When semantic clustering produces multiple clusters from filtered results, the system uses two-phase HDBSCAN clustering with map-reduce synthesis to prevent context collapse:

  1. Phase 1 (Natural Boundary Discovery): HDBSCAN (Hierarchical Density-Based Spatial Clustering) discovers natural semantic boundaries in the embedding space, grouping files where they are cohesively related rather than forcing arbitrary partitions. This respects the inherent structure of your codebase, identifying both semantically dense clusters and outliers that don’t fit natural groupings.

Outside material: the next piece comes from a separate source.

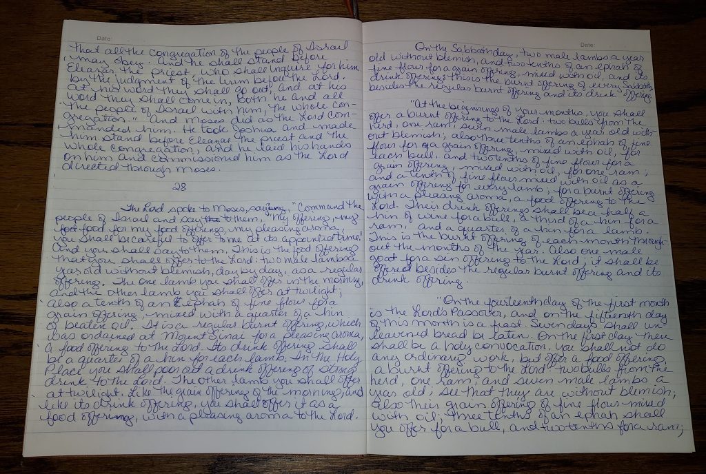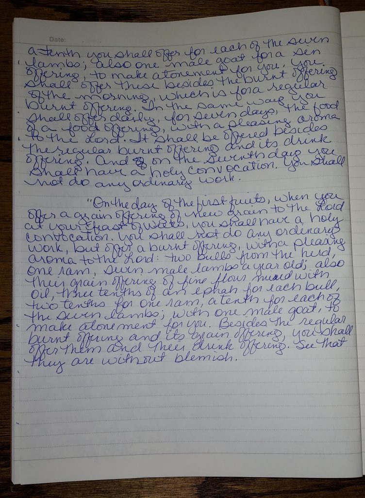 Consistency…. As I was doing my writing this morning, after I missed a few days, I couldn’t help but notice that He asked them to be consistent. They were to do these on specific times and every time these days went by. I could definitely take a lesson here. I haven’t been quite as consistent as I once was with my Bible time. I have allowed my crazy schedule to interfere with my Bible time. We will see what tomorrow brings. I know I can get back on track, just gotta move forward and not worry about yesterday. 🙂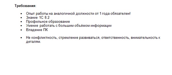 На это работают блоки «Требования» и «Обязанности». Поговорим про каждый отдельно.

  2. Phase 2 (Token-Budget Grouping): Clusters are greedily merged based on centroid distance while respecting the 30k token limit per cluster, preserving semantic coherence during merging.

Files are partitioned into token-bounded clusters, synthesized in parallel with cluster-local citations [1][2][3], then deterministically remapped to global numbers before the reduce phase combines summaries.

This avoids progressive compression loss from iterative summarization chains (summary → summary-of-summary). Each cluster synthesizes once with full context, preserving architectural details while enabling arbitrary scaling. Cluster-local citation namespaces enable maximum parallelism—no coordination needed during map phase. The reduce LLM integrates remapped summaries with explicit instructions to preserve citations (not generate new ones), ensuring every [N] traces to actual source files.

Result: 10KB repos use single-pass synthesis (k=1), 1M+ LOC repos automatically scale to map-reduce (k=5+) without context collapse or citation hallucination.